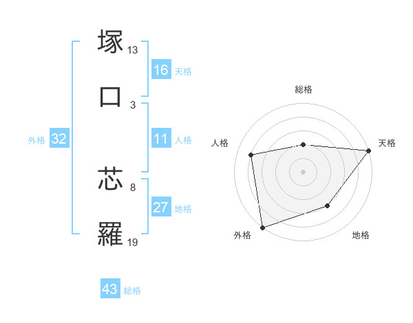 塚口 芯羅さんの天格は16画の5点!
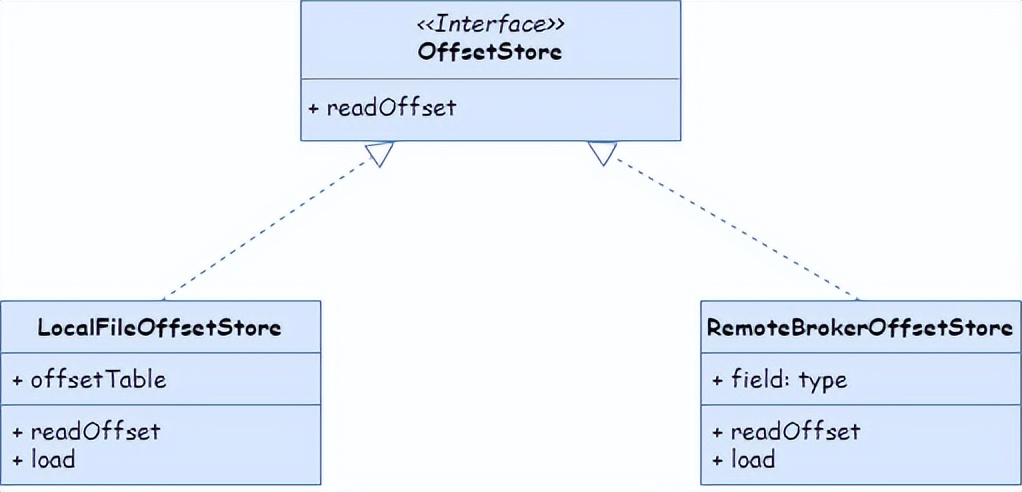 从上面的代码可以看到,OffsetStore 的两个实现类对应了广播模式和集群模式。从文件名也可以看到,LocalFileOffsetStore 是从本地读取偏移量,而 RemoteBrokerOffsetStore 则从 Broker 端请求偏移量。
------------------------------------------------
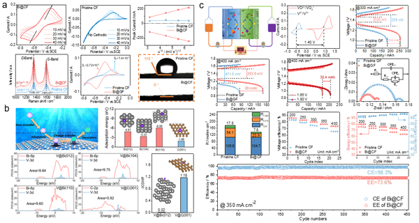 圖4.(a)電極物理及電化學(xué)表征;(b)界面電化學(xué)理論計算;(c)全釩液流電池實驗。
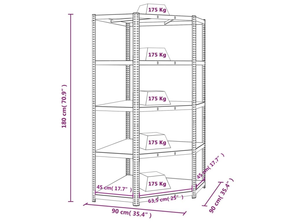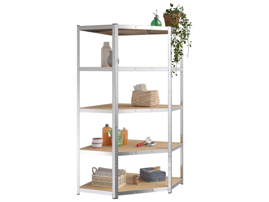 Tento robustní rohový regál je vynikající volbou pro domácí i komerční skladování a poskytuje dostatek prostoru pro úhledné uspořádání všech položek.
------------------------------------------------
Copy exactly the lines of the listing above between the one holding "塚口 芯羅さんの天格は16画の5点!" and the one holding "则从 Broker 端请求偏移量。", inclusive; omit all pictures.

RESULT BELOW
 塚口 芯羅さんの天格は16画の5点!
 从上面的代码可以看到,OffsetStore 的两个实现类对应了广播模式和集群模式。从文件名也可以看到,LocalFileOffsetStore 是从本地读取偏移量,而 RemoteBrokerOffsetStore 则从 Broker 端请求偏移量。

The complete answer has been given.